**Required action:** Beneath this line sits some data. Return only its lines from the one holding "ガラス素材そのもののの美しさ" through the one holding "[Cet avis a", inclusive, exactly, with the images removed.

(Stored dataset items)
-------

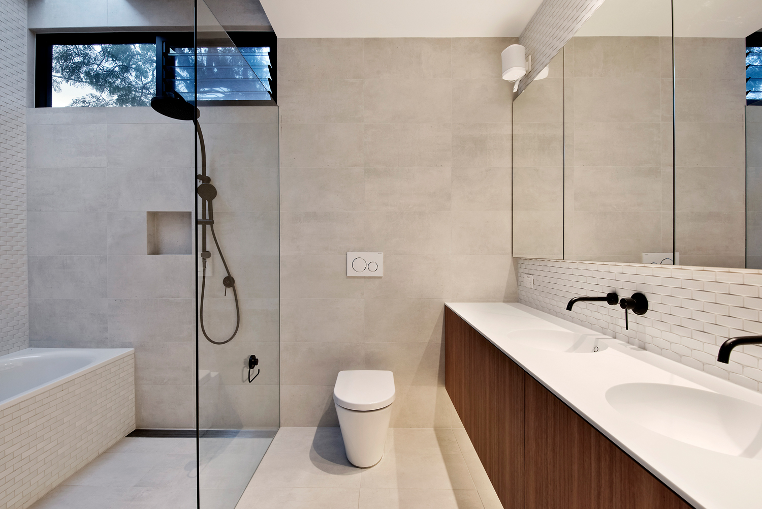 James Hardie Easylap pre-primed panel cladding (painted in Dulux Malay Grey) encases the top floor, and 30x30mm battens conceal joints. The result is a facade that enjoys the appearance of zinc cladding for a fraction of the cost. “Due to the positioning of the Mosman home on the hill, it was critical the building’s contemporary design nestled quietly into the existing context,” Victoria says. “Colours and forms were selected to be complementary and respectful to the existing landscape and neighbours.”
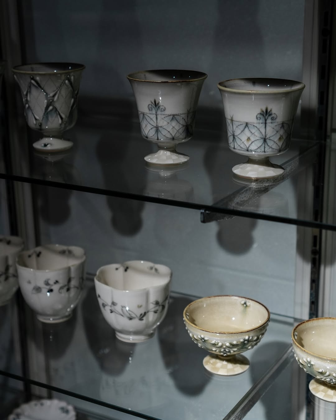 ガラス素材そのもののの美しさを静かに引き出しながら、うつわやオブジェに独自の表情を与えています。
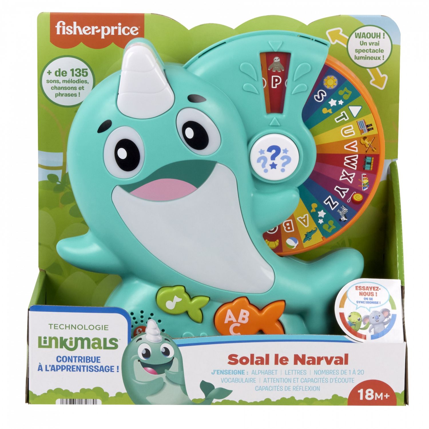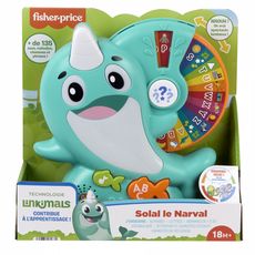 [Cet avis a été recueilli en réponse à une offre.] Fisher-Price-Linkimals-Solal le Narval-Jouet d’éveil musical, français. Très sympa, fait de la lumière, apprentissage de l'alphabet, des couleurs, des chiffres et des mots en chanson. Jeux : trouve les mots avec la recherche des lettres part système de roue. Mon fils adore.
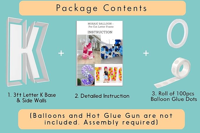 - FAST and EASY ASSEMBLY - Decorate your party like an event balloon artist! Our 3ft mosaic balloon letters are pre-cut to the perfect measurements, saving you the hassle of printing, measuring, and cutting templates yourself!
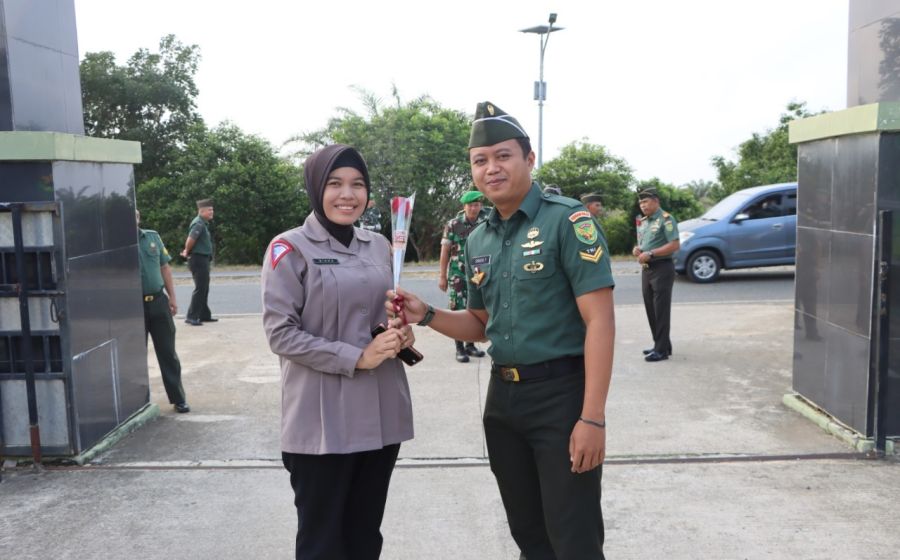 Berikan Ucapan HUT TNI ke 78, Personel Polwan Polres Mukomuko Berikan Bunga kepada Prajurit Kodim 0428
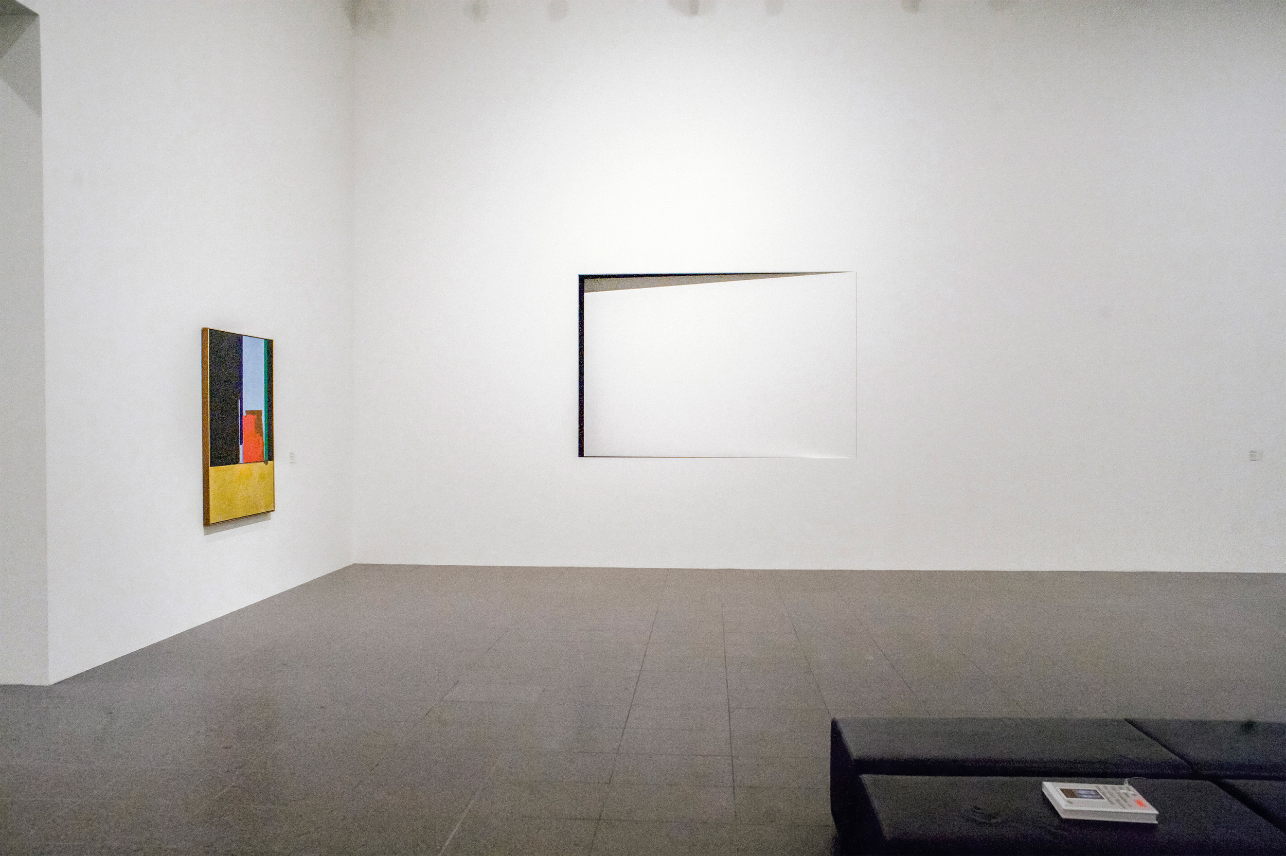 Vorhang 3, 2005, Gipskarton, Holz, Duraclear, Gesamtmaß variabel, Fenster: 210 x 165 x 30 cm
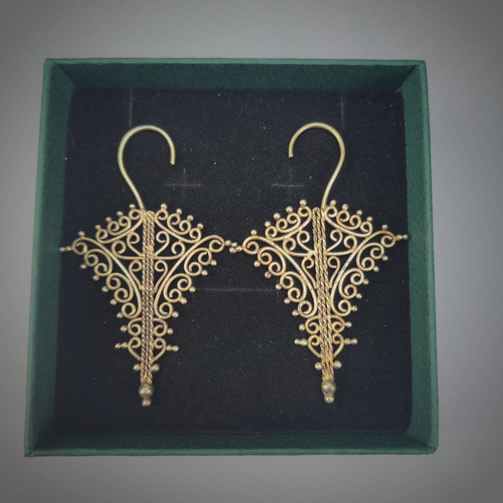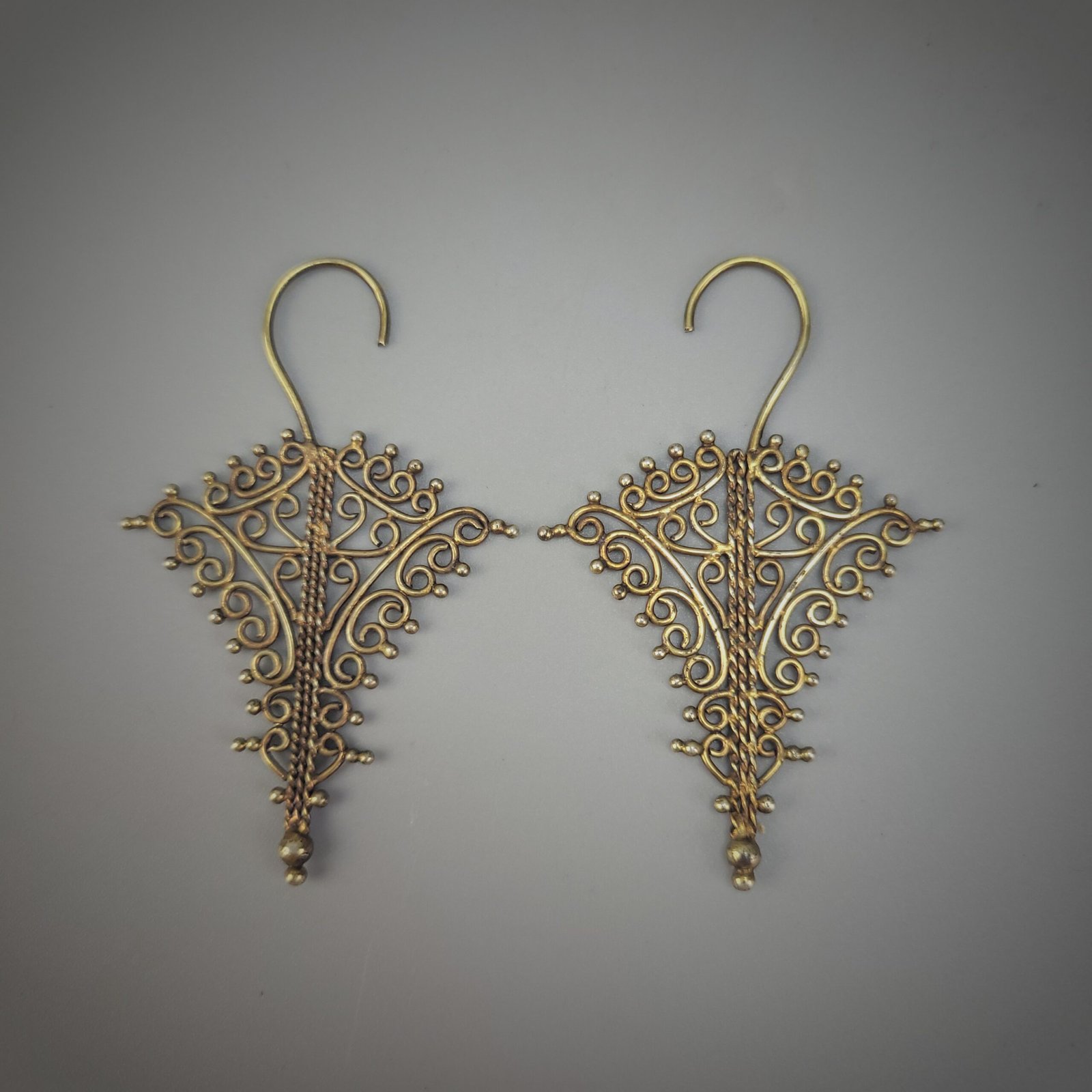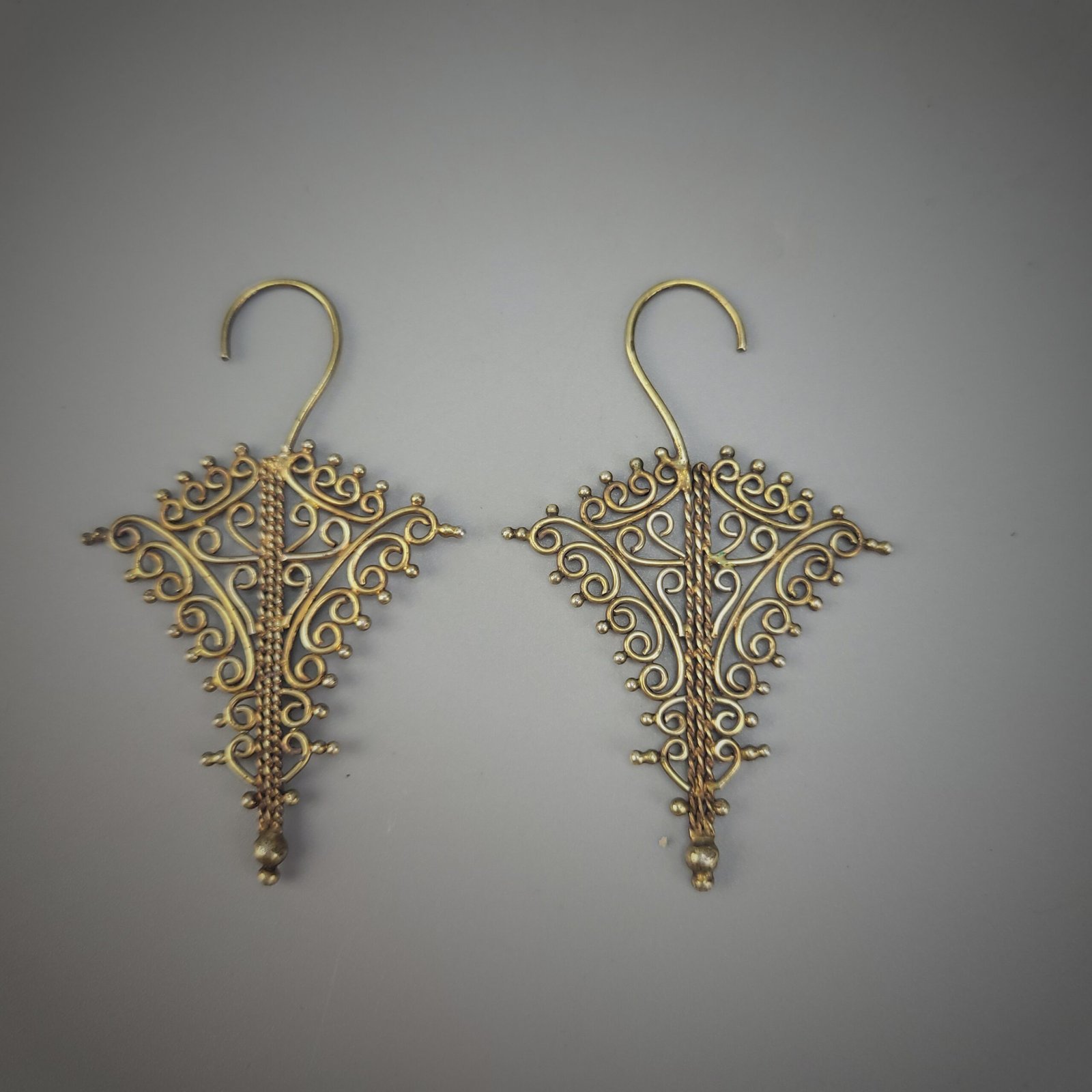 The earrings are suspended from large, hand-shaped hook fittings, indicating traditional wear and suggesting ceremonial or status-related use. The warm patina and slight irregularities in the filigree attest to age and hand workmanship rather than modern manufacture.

-------

**Your solution:**
 ガラス素材そのもののの美しさを静かに引き出しながら、うつわやオブジェに独自の表情を与えています。
 [Cet avis a été recueilli en réponse à une offre.] Fisher-Price-Linkimals-Solal le Narval-Jouet d’éveil musical, français. Très sympa, fait de la lumière, apprentissage de l'alphabet, des couleurs, des chiffres et des mots en chanson. Jeux : trouve les mots avec la recherche des lettres part système de roue. Mon fils adore.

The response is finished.